What needs to be done – Please restate each line of the data that follows word for word, skipping any image.

Given data –
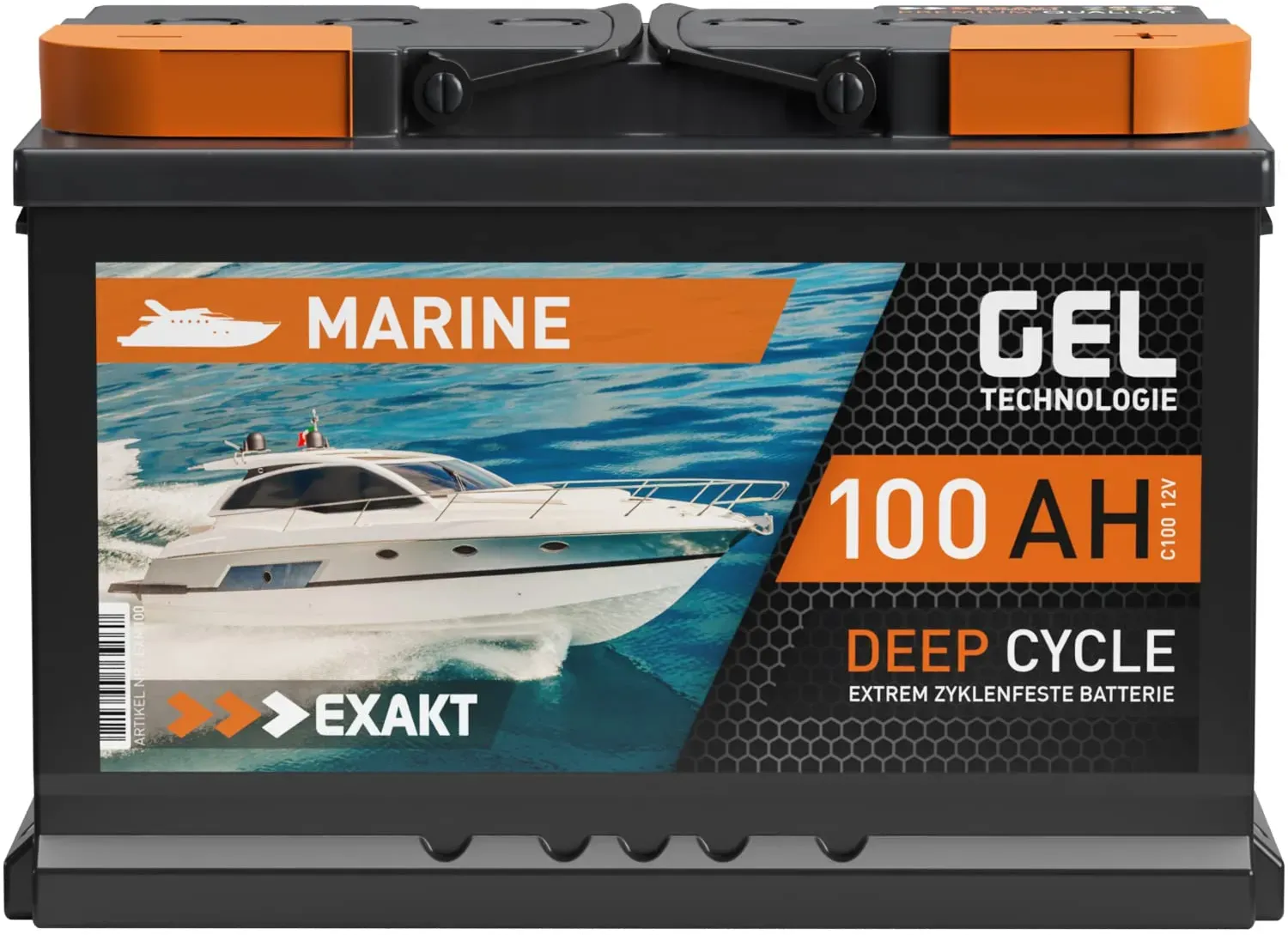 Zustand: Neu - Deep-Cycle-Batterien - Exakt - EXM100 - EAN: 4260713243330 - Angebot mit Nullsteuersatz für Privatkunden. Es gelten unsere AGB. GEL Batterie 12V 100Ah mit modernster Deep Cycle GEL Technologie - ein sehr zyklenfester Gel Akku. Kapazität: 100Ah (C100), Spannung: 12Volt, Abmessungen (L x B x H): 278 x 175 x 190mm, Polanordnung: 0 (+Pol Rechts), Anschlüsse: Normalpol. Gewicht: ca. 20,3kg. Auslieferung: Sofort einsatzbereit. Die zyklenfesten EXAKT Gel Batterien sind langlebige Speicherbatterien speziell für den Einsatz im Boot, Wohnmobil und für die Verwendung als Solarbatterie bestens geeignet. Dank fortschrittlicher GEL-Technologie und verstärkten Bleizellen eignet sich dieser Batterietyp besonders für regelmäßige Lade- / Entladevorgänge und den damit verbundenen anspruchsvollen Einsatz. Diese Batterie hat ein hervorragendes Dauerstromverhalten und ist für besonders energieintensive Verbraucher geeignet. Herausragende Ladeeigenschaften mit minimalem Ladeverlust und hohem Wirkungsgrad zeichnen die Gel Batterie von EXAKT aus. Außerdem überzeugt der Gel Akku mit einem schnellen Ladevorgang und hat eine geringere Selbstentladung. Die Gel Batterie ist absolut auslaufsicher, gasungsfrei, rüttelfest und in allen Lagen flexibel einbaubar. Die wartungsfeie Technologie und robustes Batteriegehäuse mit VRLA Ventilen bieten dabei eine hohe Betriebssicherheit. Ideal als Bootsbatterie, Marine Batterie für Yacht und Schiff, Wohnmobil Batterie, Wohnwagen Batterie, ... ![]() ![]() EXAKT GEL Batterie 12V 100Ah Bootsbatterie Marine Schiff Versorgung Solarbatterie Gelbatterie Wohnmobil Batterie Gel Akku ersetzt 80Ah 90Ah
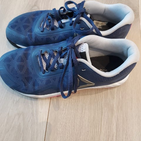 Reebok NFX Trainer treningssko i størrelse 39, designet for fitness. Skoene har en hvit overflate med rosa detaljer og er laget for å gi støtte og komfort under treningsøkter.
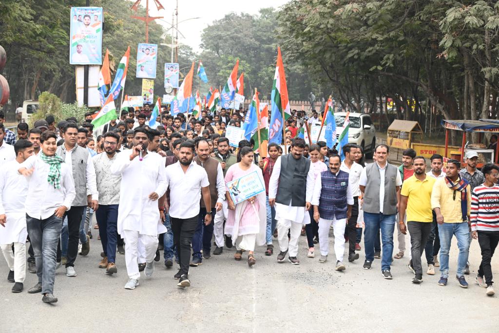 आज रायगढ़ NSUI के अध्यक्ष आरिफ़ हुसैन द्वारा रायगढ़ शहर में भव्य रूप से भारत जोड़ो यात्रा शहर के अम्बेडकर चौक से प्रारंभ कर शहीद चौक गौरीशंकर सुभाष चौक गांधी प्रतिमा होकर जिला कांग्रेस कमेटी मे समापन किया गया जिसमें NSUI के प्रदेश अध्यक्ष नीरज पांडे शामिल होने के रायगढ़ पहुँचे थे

Task result –
 Zustand: Neu - Deep-Cycle-Batterien - Exakt - EXM100 - EAN: 4260713243330 - Angebot mit Nullsteuersatz für Privatkunden. Es gelten unsere AGB. GEL Batterie 12V 100Ah mit modernster Deep Cycle GEL Technologie - ein sehr zyklenfester Gel Akku. Kapazität: 100Ah (C100), Spannung: 12Volt, Abmessungen (L x B x H): 278 x 175 x 190mm, Polanordnung: 0 (+Pol Rechts), Anschlüsse: Normalpol. Gewicht: ca. 20,3kg. Auslieferung: Sofort einsatzbereit. Die zyklenfesten EXAKT Gel Batterien sind langlebige Speicherbatterien speziell für den Einsatz im Boot, Wohnmobil und für die Verwendung als Solarbatterie bestens geeignet. Dank fortschrittlicher GEL-Technologie und verstärkten Bleizellen eignet sich dieser Batterietyp besonders für regelmäßige Lade- / Entladevorgänge und den damit verbundenen anspruchsvollen Einsatz. Diese Batterie hat ein hervorragendes Dauerstromverhalten und ist für besonders energieintensive Verbraucher geeignet. Herausragende Ladeeigenschaften mit minimalem Ladeverlust und hohem Wirkungsgrad zeichnen die Gel Batterie von EXAKT aus. Außerdem überzeugt der Gel Akku mit einem schnellen Ladevorgang und hat eine geringere Selbstentladung. Die Gel Batterie ist absolut auslaufsicher, gasungsfrei, rüttelfest und in allen Lagen flexibel einbaubar. Die wartungsfeie Technologie und robustes Batteriegehäuse mit VRLA Ventilen bieten dabei eine hohe Betriebssicherheit. Ideal als Bootsbatterie, Marine Batterie für Yacht und Schiff, Wohnmobil Batterie, Wohnwagen Batterie, ... ![]() ![]() EXAKT GEL Batterie 12V 100Ah Bootsbatterie Marine Schiff Versorgung Solarbatterie Gelbatterie Wohnmobil Batterie Gel Akku ersetzt 80Ah 90Ah
 Reebok NFX Trainer treningssko i størrelse 39, designet for fitness. Skoene har en hvit overflate med rosa detaljer og er laget for å gi støtte og komfort under treningsøkter.
 आज रायगढ़ NSUI के अध्यक्ष आरिफ़ हुसैन द्वारा रायगढ़ शहर में भव्य रूप से भारत जोड़ो यात्रा शहर के अम्बेडकर चौक से प्रारंभ कर शहीद चौक गौरीशंकर सुभाष चौक गांधी प्रतिमा होकर जिला कांग्रेस कमेटी मे समापन किया गया जिसमें NSUI के प्रदेश अध्यक्ष नीरज पांडे शामिल होने के रायगढ़ पहुँचे थे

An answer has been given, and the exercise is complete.